The 2017 Liqui Moly Bathurst 12 Hour endurance race was a motorsport event for GT3 cars, GT3 Cup cars, GT4 cars and invited vehicles. It was staged at the Mount Panorama Circuit, near Bathurst, in New South Wales, Australia on 5 February 2017. The race, which was the 15th running of the Bathurst 12 Hour, was the opening round of the 2017 Intercontinental GT Challenge Series.
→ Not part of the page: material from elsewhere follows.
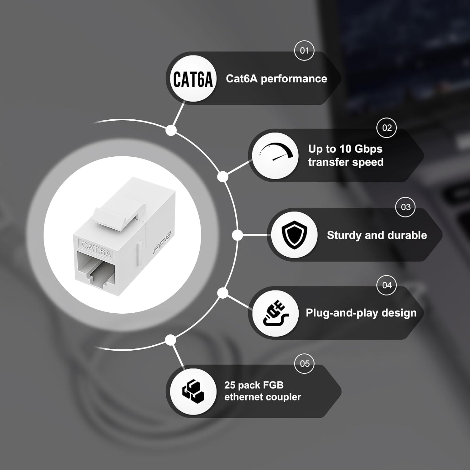 FGB 10 Gbps CAT6A RJ45 Keystone Coupler 25-Pack, Ethernet Keystone Jack, Ethernet Coupler Female to Female UTP for Cat6a/Cat6/Cat5e/Cat5, White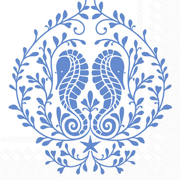 Grand Millennial Cocktail Napkins set a soft white paper stage for twin seahorses encircled by leafy scrollwork, blending heirloom charm with breezy coastal style. Ideal for cocktails and canapés, this patterned paper design brings a polished pop to bar carts, coffee tables, and everyday entertaining. Approximate dimensions are 5 x 5 x 1 inches. German printed on soft, 3-ply paper.

For the first time, the winners of the race were awarded the Australian Tourist Trophy.

Of the 2016 winning drivers, Shane van Gisbergen moved from Tekno Autosports and McLaren to Scott Taylor Motorsport's Mercedes-AMG GT3, prepared by HTP Motorsport with factory Mercedes backing, Álvaro Parente remained with Tekno Autosports and Tekno team owner Jonathon Webb did not drive.

The GT4 Class expanded for 2017 with eight entries, the Porsche Cayman, KTM X-Bow GT4, Ginetta G55 and Aston Martin Vantage GT4.
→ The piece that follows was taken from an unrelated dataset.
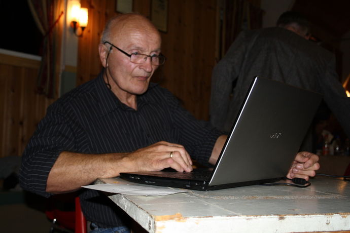 Eystein Bæverfjord fer rundt med PCen sin og viser filmen om "Finnguten" på Nordmøre. Foto: Norunn Holten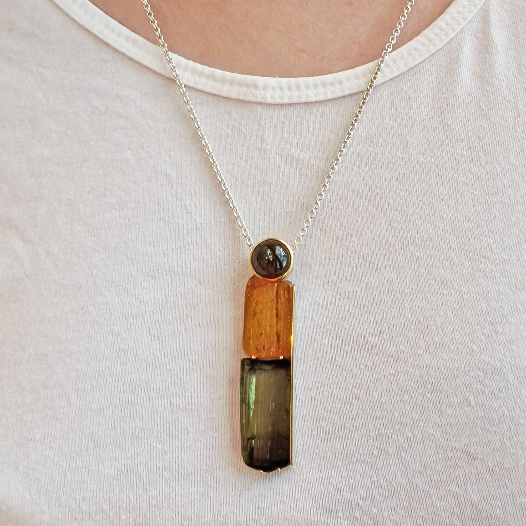 Die Rückseite des untersten Steins ist naturbelassen, während die Vorderseite poliert ist, um die Struktur der Rückseite sichtbar zu machen. Die beiden unteren Steine werden durch feine Gelbgoldkrappen und einem langen Steg auf der linken Seite gehalten, welcher mit einer 0,5 mm starken Gelbgoldschicht verlötet ist. Die Rückseite des Anhängers ist aus 925/- Silber gefertigt, was dem Schmuckstück eine besondere Eleganz verleiht.

55 cars were entered (the largest field since the 2007 revival) and 51 cars started, with four entries withdrawn following crashes in practice and qualifying.

The race was won by Craig Lowndes, Jamie Whincup and Toni Vilander driving a Ferrari 488 GT3 entered by Maranello Motorsport.

Class structure 

2017 the first year all-professional driver rosters were permitted. Previously, teams were required one unseeded driver in each entry.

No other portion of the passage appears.